Supplied data —

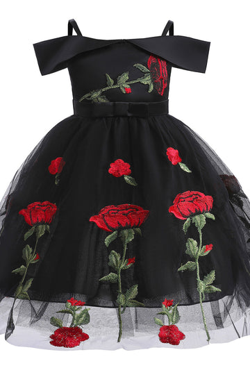 Zimne Ramię Czarna Sukienki Dla Dziewczynek z Haftem
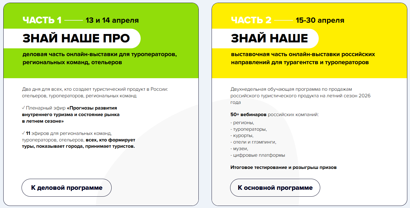 Выставочная часть «Знай Наше: Лето 2026» с 15 по 30 апреля — территория турагентов: двухнедельная обучающая программа по продажам на лето-2026 и 60+ вебинаров от отечественных компаний. Себя представят регионы, туроператоры, курорты, отели и глэмпинги, музеи, цифровые платформы — вся цепочка, из которой каждый агент легко соберет свое «лето в России». Расписание составлено так, чтобы учиться, не выпадая из рабочего ритма: презентаций не больше 3–4 часов в день.
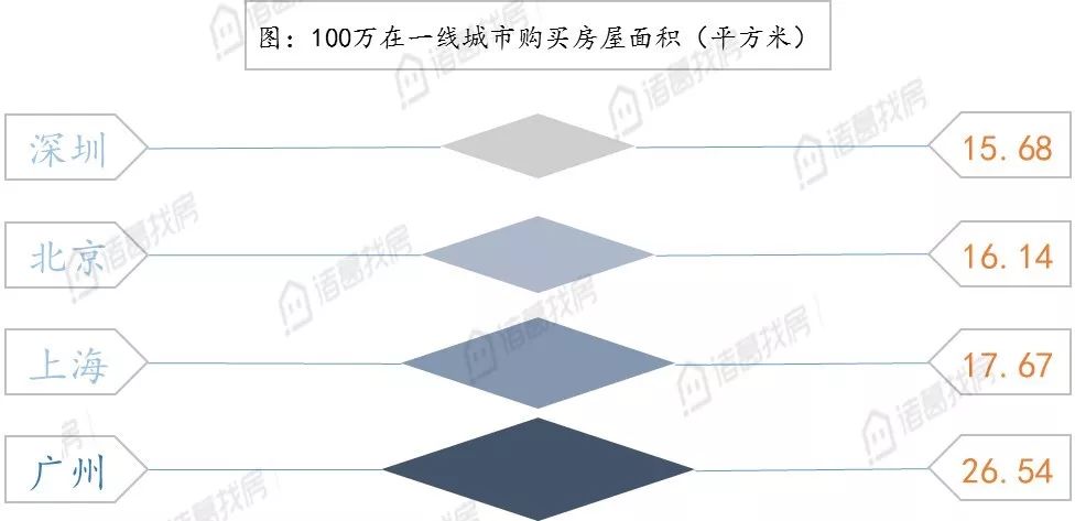 具体城市来看,深圳可购买面积最少,仅可购买面积为15.68平方米;

Work instructions — Without the pictures, repeat the listing above exactly.

Response —
 Zimne Ramię Czarna Sukienki Dla Dziewczynek z Haftem
 Выставочная часть «Знай Наше: Лето 2026» с 15 по 30 апреля — территория турагентов: двухнедельная обучающая программа по продажам на лето-2026 и 60+ вебинаров от отечественных компаний. Себя представят регионы, туроператоры, курорты, отели и глэмпинги, музеи, цифровые платформы — вся цепочка, из которой каждый агент легко соберет свое «лето в России». Расписание составлено так, чтобы учиться, не выпадая из рабочего ритма: презентаций не больше 3–4 часов в день.
 具体城市来看,深圳可购买面积最少,仅可购买面积为15.68平方米;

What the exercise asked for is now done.